The Centers for Disease Control and Prevention (CDC) is expected to meet Wednesday to determine whether or not children under the age of 16 will be cleared to get Pfizer booster shots.
This comes after the Food and Drug Administration approved Pfizer boosters for kids ages 12 to 15.
Dr. James Schneider, the director of pediatric critical care for Cohen Children’s Medical Center, explained what the new developments mean.
Schneider said he is “pretty confident” the CDC will follow FDA recommendations and clear the booster for younger teens as the best chance of getting through the pandemic is getting more kids vaccinated.
When asked if parents should have any concerns about kids getting the booster shot, Schneider said there are low risks and side effects aside from a fever or cold.

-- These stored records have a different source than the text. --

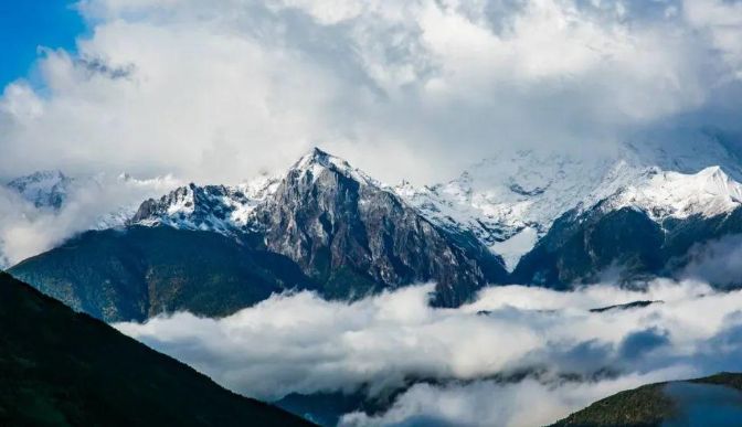08、南迦巴瓦峰:运气好时你会看南迦巴瓦峰上淡淡的云气蒸腾而上灵的云瀑悠然滑落,白缎般环绕着山腰,发着蓝色寒光的如剑雪峰,在云缝中若隐若现……
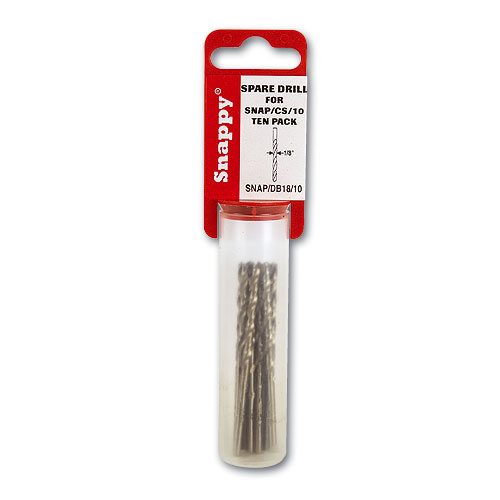 Pack of 10 spare drills to suit the drill countersinks. Supplied in a storage tube. D=9/64 inch D=3.6 mm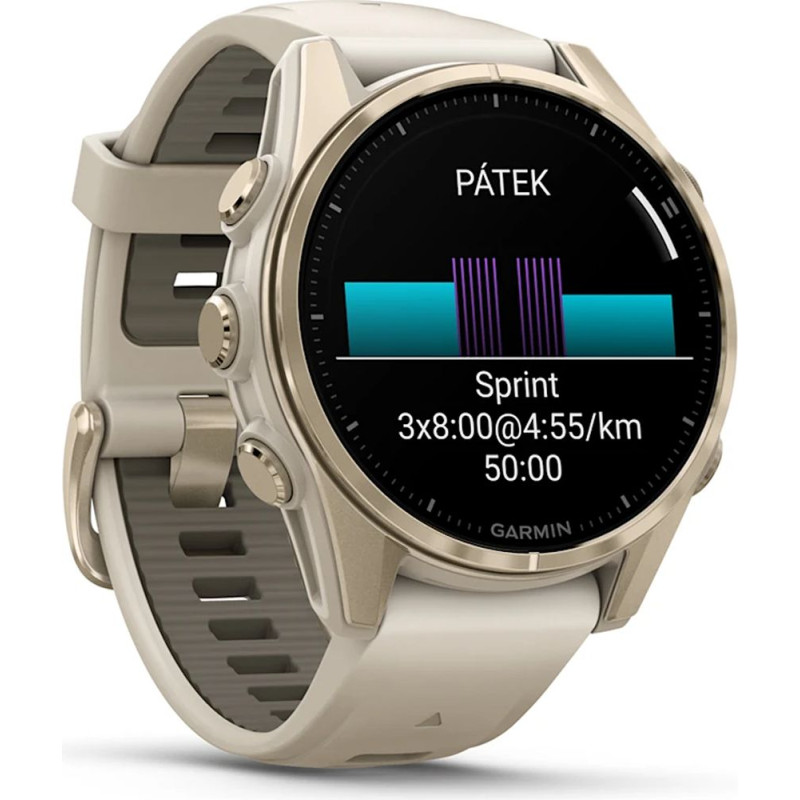 Garmin fenix 8 43mm AMOLED Sapphire Soft Gold with Fog Gray/Dark Sandstone Silicone Band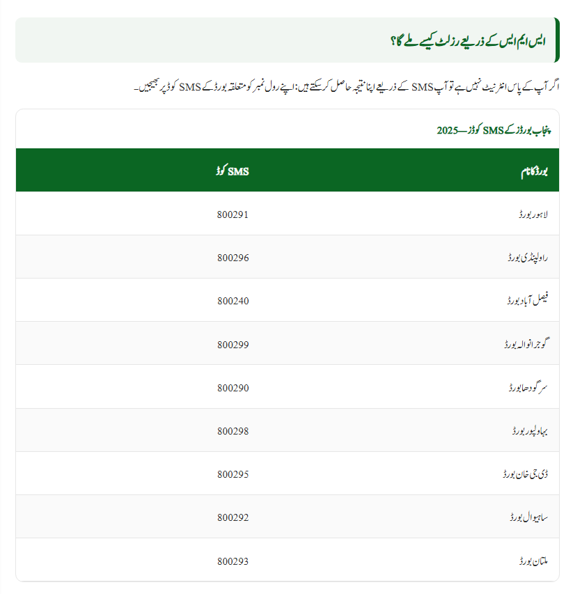If you don’t have internet access, don’t worry! You can still check your Punjab 11th Class Result 2025 through a simple SMS.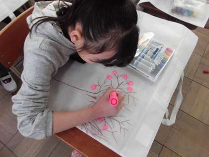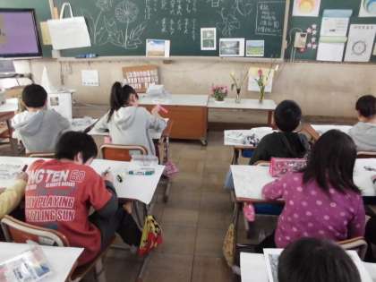 3時間目の図工の学習で,作品袋に「春」をテーマにした絵を描きました。タンポポや桜,小鳥,ちょうちょなど,一人一人が思いを込めて描いていました。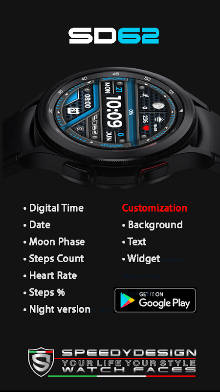 Musim panas, laut dan ombak, ini adalah SD62 yang dicadangkan oleh Speedydesign una Face, yang ingin memantau langkah, bulan, bateri dan banyak lagi, tanpa mengabaikan kesan estetik.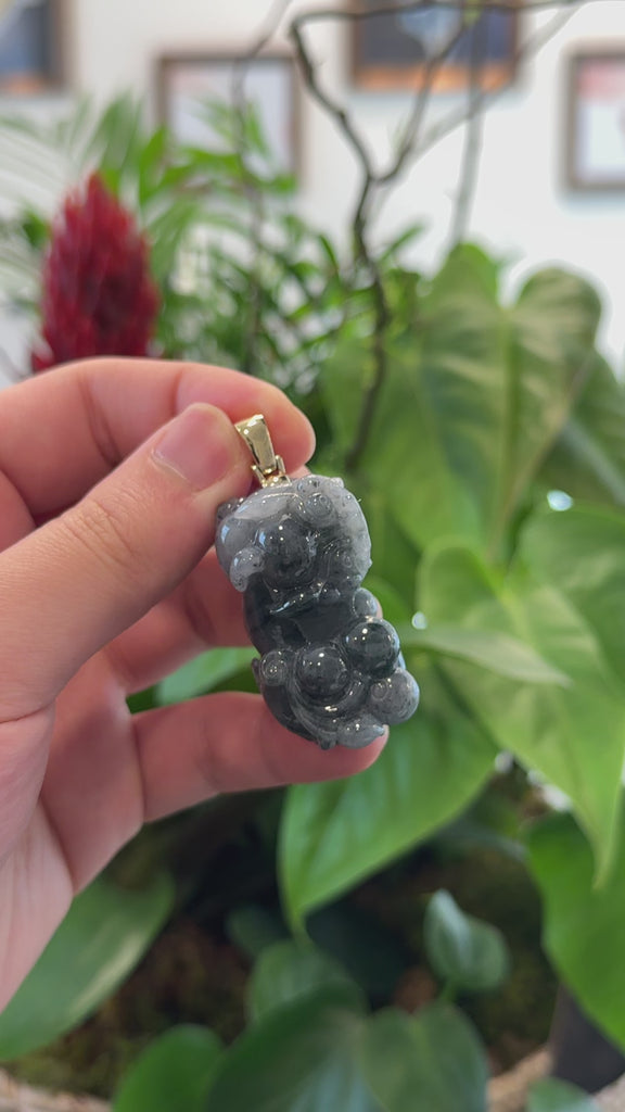 Genuine Burmese Blue-Green Jadeite Jade PiXiu Pendant Necklace With 18K Gold Bail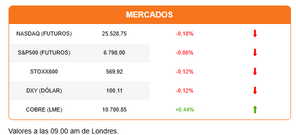 Pero con el paso de las horas y tras una apertura en rojo en Europa, los índices están moderando sus caídas. Las bolsas europeas operan mixtas, con el Ibex español y el Dax alemán poniendo el freno. Los futuros de Wall Street también operan mixtos y el Dow Jones busca una apertura con alzas moderadas. El dólar cae tras haber alcanzado su mayor nivel en cinco meses. El oro repunta, impulsado por compras de oportunidad, y transada en US$3.988 por onza.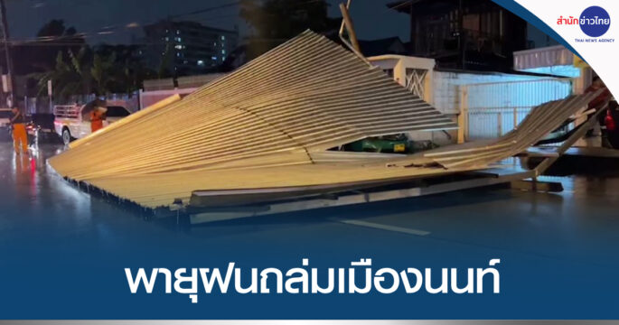 พายุฝนถล่มเมืองนนทบุรี ลมกระโชกแรงพัดหลังคาโครงเหล็กบนอาคารสูงปลิวข้ามฝั่งถนนตกลงมาทับรถยนต์ได้รับความเสียหาย ใกล้ตลาดสดเทศบาลนครนนทบุรี ไม่มีผู้บาดเจ็บหรือเสียชีวิต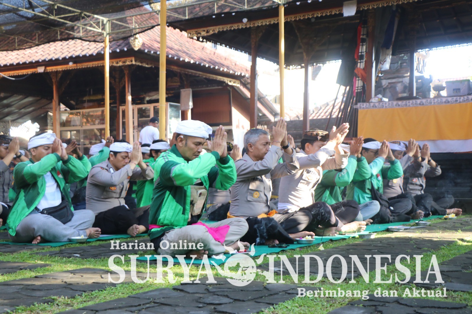 Sebagai bentuk kepedulian, personel Polri bersama para driver ojol yang beragama hindu menggelar doa bersama di Pura Linggarcana Polda Bali, Selasa (2/9/2025).

He said soreness in the arm or numbness at the injection site might be observed, but there is “nothing of significance.”
Schneider also said they will be following CDC guidelines on how much time is recommended between getting the last vaccine dose and the booster shot.
The doctor also acknowledged there is a drastic increase of kids being admitted to his hospital with COVID, adding that some kids find out a positive diagnosis while at the hospital for other situations, such as a health screening.
The World Health Organization has said cases of people getting the flu and COVID-19 at the same time, or “flurona” are real.
Schneider said he has not personally seen someone with flurona, but said it’s possible for a person to have it, but he has seen cases of influenza and COVID at the hospital.